In patient 2, who presented with smoldering ATLL charpacterized by atypical CCR8⁺ CD4⁺ CD8⁻ CD25⁺ PD-1⁻ cells, 2 predominant TRG clones with identical proviral integration sites in chromosome 2 were detected in the peripheral blood. Similarly, infection of an immature T cell in patient 3 resulted in expansion of a malignant clone that produced 2 subclones with identical proviral integration sites but unique TCR gene rearrangements. The primary subclone in the peripheral blood (TRG Vg2; TRB Vb5-1, Jb2-3) expressed Tax and HBZ and carried an IKZF2 N93S mutation. The secondary clone (TRG Vg3 Jg1/2; TRB Vb19, Jb2-1) carried IRF4 K59R and PRKCB D427N mutations and expressed HBZ but not Tax. This is based on the finding that proviral load increased 2.4-fold in this patient, and HBZ RNA increased 2.1-fold, but Tax expression decreased by 20%, and IKZF2 copy number decreased by 23% (Figure 2; data not shown).¹⁰  The fact that the cell that expanded into a malignant clone in all 3 ATLL patients was initially infected as an immature T cell may be relevant in understanding the origin of ATLL cells and their rapid expansion after nivolumab therapy.
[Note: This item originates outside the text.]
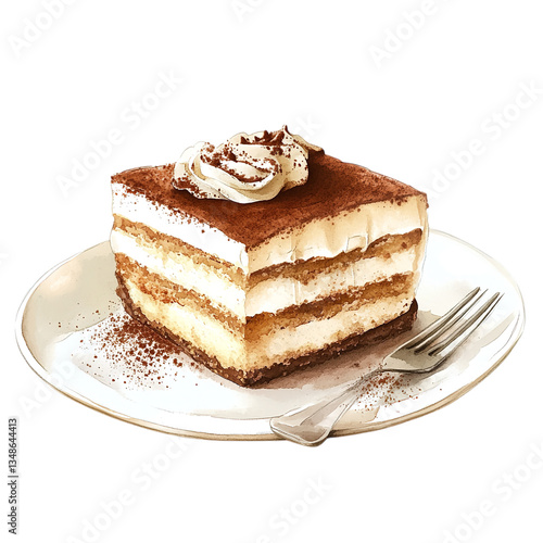"A Single Slice of Tiramisu on a White Plate with a Fork Beside It, Garnished with Cocoa Powder and Whipped Cream."

Prior to therapy, 2 dominant ATLL subclones were present in patient 1; both were CD5⁺ CD8⁻ CD25⁺ CD45⁺ CD52⁺, and both carried the same proviral integration site (Figure 1); however, 1 was CD4⁺, and the other was CD4⁻ (supplemental Figure 1). Both clones could be detected in the peripheral blood, but the CD4⁻ CD8⁻ clone found primarily in the spleen and skin was also PD-1⁻ and PD-L1⁻. Nivolumab treatment resulted in dramatic expansion of the double-negative clone in the peripheral blood, with concomitant expression of genes associated with tumor-associated Tregs, including MAGEH1, CCR8, CTLA4, CD27, CD70, TNFRSF4, and LAG-3 (Figure 3).¹⁵  Moreover, these abnormal cells in the peripheral blood and skin lesion expressed high levels of PD-1 after nivolumab therapy but remained PD-L1⁻.

The pretreatment bone marrow from patient 2 showed PD-1 staining in 10% to 20% of lymphocytes, although an earlier skin biopsy from the same patient was negative for PD-1.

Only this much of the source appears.